[Collected data]:

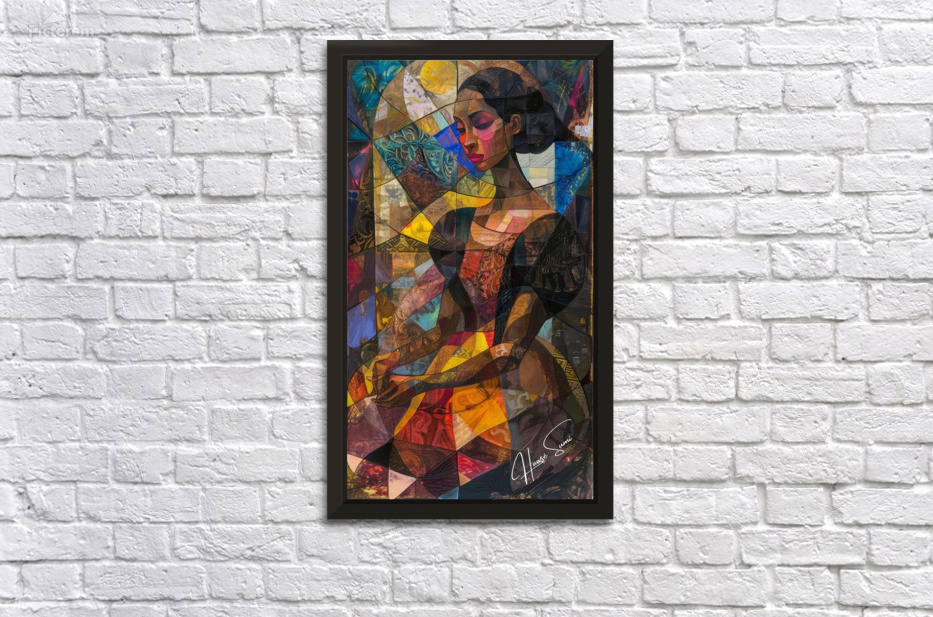 001 – "Whispers of Dawn" Amani sits in quiet reflection, her hands gently clasped as if holding the morning light. Bathed in warm reds, golds, and blues, her essence is both serene and knowing. The layered mosaic hints at a journey inward—where color meets memory and silence speaks.
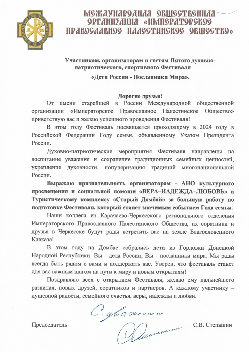 В этом году партнером Фестиваля стало Карачаево-Черкесское отделение Императорского Православного Палестинского Общества. Приветствие участникам Фестиваля направил Председатель ИППО Сергей Степашин.
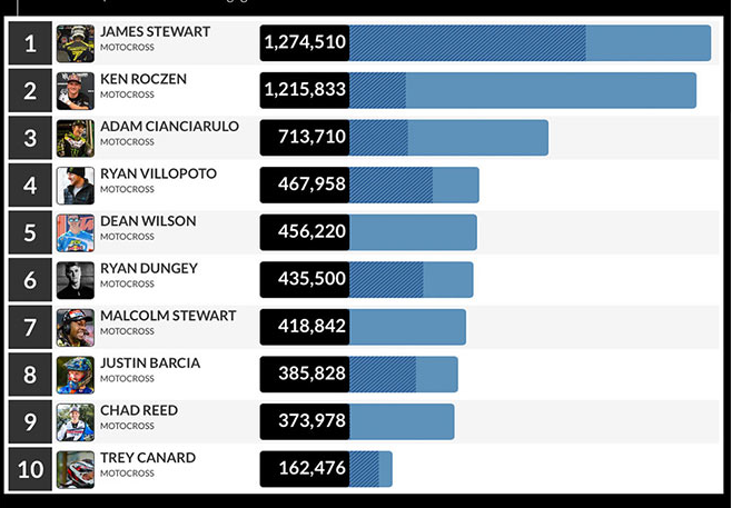 No surprises in the 250 Class, as Adam Cianciarulo lead the way. He generated 714,000 fan interactions in November, and his fan base grew by nearly 18,000 fans, according to Hookit.
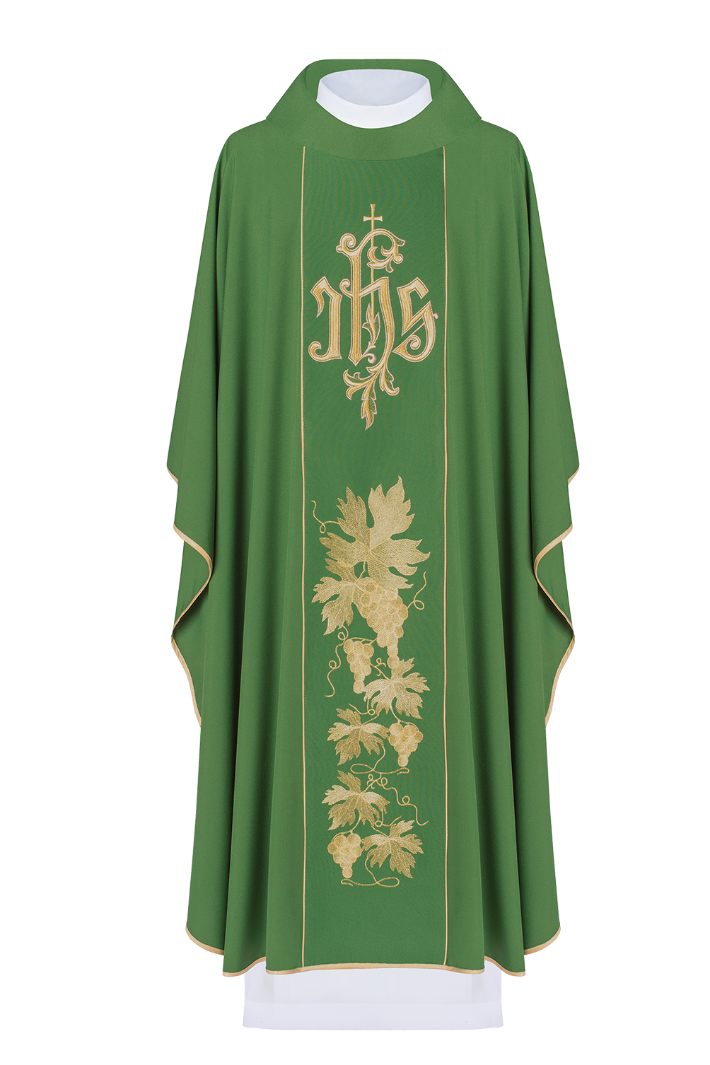 Ornat eucharystyczny w kolorze zielonym z haftem IHS

[Task brief]: Begin at the line containing "В этом году" and stop at the last line of the data. Repeat only those lines, exactly, and leave out the pictures.

[Finished exercise]:
 В этом году партнером Фестиваля стало Карачаево-Черкесское отделение Императорского Православного Палестинского Общества. Приветствие участникам Фестиваля направил Председатель ИППО Сергей Степашин.
 No surprises in the 250 Class, as Adam Cianciarulo lead the way. He generated 714,000 fan interactions in November, and his fan base grew by nearly 18,000 fans, according to Hookit.
 Ornat eucharystyczny w kolorze zielonym z haftem IHS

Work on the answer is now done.